Currently I have no thread dump unfortunately, but maybe there is a
configuration issue on our server.

We are using jackrabbit-1.5.6, should we think about upgrading?

I hope someone can help me out with this.

Luis

RE: Deadlock in my JCR repository

Posted by "PREVOSTO, Laurent" <la...@sfr.com>.
Hi Luis,
Of course, we may not have the same usage & configuration but on our side, we have a 40GB repository.
And we upgraded flawlessly from 1.5.6 to 1.6.1 just by changing the jackrabbit jar.

You might want to try on a staging environment if you have one.

Regards,

Laurent


-----Message d'origine-----
De : Luis Muniz [mailto:neur0maner@gmail.com] 
Envoyé : jeudi 7 octobre 2010 15:08
À : users@jackrabbit.apache.org
Objet : Re: Deadlock in my JCR repository

Hi Jukka,

Of course, I do appreciate the time you put in to help out, and possibly
state the obvious from your perspective. We don't update every component of
our architecture if it is stable. Our repository was fairly stable until
lately. We have a 20GB+ repository so the migration, jumping minor versions
and a major version, is not going to be trivial. I guess the first thing
will have to be to create a migration script. I read in the wiki that from
1.6 on there is a migration program, but that does not solve my issue.

The thread dump we forgot to generate it and we will generate one when the
issue gets reproduced.

I know that identifying the deadlock with the information I provided is not
possible unless some of the elements taht appear in my log remind someone of
a similar case, which was what I was hoping for. it was a long shot, but it
was all I could currently do to diagnose the issue without a thread dump.
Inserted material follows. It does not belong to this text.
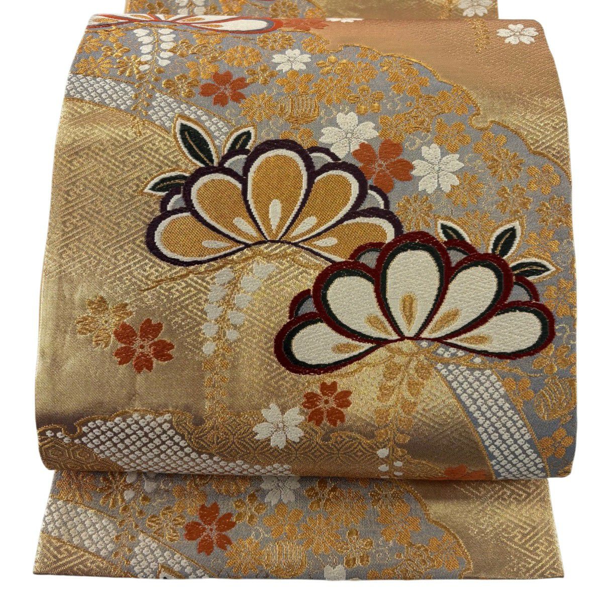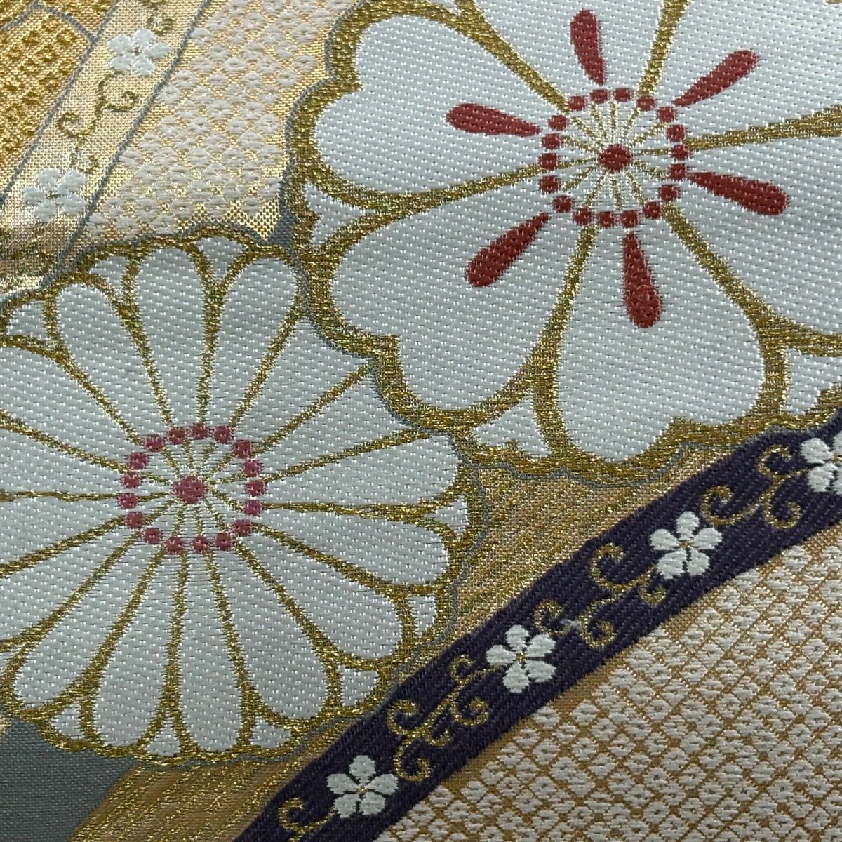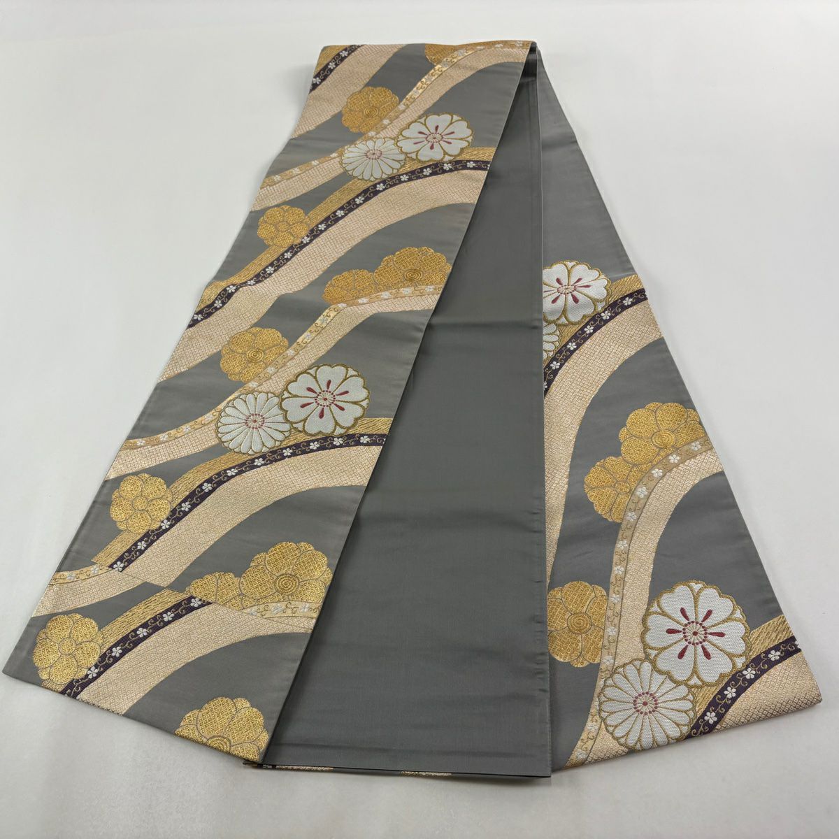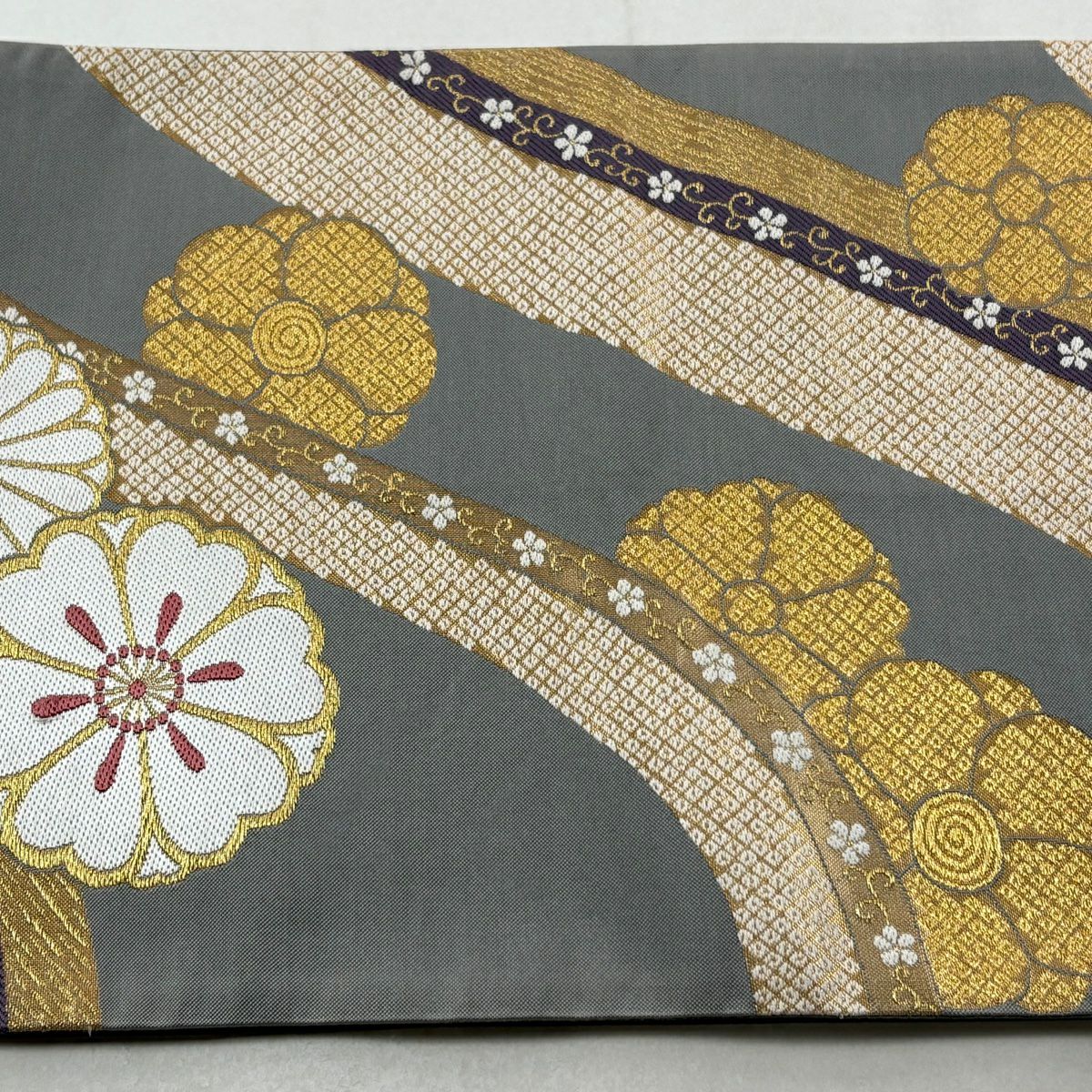 袋帯 秀品 桜 菊 金糸 箔 灰色 六通 正絹

Anyway, I'll post an update in this thread in case another lost soul is
looking for this information.

Thanks again for your time,

Luis


On Thu, Oct 7, 2010 at 2:42 PM, Jukka Zitting <ju...@gmail.com>wrote:

> Hi,
>
> On Thu, Oct 7, 2010 at 1:19 PM, Luis Muniz <ne...@gmail.com> wrote:
> > On Thu, Oct 7, 2010 at 11:47 AM, Jukka Zitting <jukka.zitting@gmail.com
> >wrote:
> >> On Thu, Oct 7, 2010 at 11:44 AM, Luis Muniz <ne...@gmail.com>
> wrote:
> >> > We are using jackrabbit-1.5.6, should we think about upgrading?
> >> Yes.
> > Why?
>
> You're one major and two minor releases behind the latest Jackrabbit
> version, which means that the likelihood of any issues you encounter
> being already fixed in a more recent release is pretty high.
>
> I'd love to help you track down and fix the problem if it still occurs
> after an upgrade, as doing so will help prevent me or the customers of
> my employer from encountering the same issue in the future. But
> chasing down an old problem that's most likely already fixed in a more
> recent version would probably just be a waste of time from my
> perspective.
>
> There may be other people on this list who may want to help you even
> with 1.5.6 and you can always turn to paid support, but upgrading to a
> more recent version is a cheap way to either get rid of the problem
> automatically or at least notably increase the motivation of other
> people to help you.
>
> That said, you may want to check the Jackrabbit issue tracker for the
> list of known and resolved deadlock issues [1]. Also, without a thread
> dump it's usually quite hard to determine the cause of a deadlock.
>
> [1]
> https://issues.apache.org/jira/secure/IssueNavigator.jspa?reset=true&&query=deadlock&summary=true&description=true&body=true&pid=10591
>
> BR,
>
> Jukka Zitting
>

Re: Deadlock in my JCR repository

Posted by Luis Muniz <ne...@gmail.com>.
Hi Jukka,

Of course, I do appreciate the time you put in to help out, and possibly
state the obvious from your perspective. We don't update every component of
our architecture if it is stable. Our repository was fairly stable until
lately. We have a 20GB+ repository so the migration, jumping minor versions
and a major version, is not going to be trivial. I guess the first thing
will have to be to create a migration script. I read in the wiki that from
1.6 on there is a migration program, but that does not solve my issue.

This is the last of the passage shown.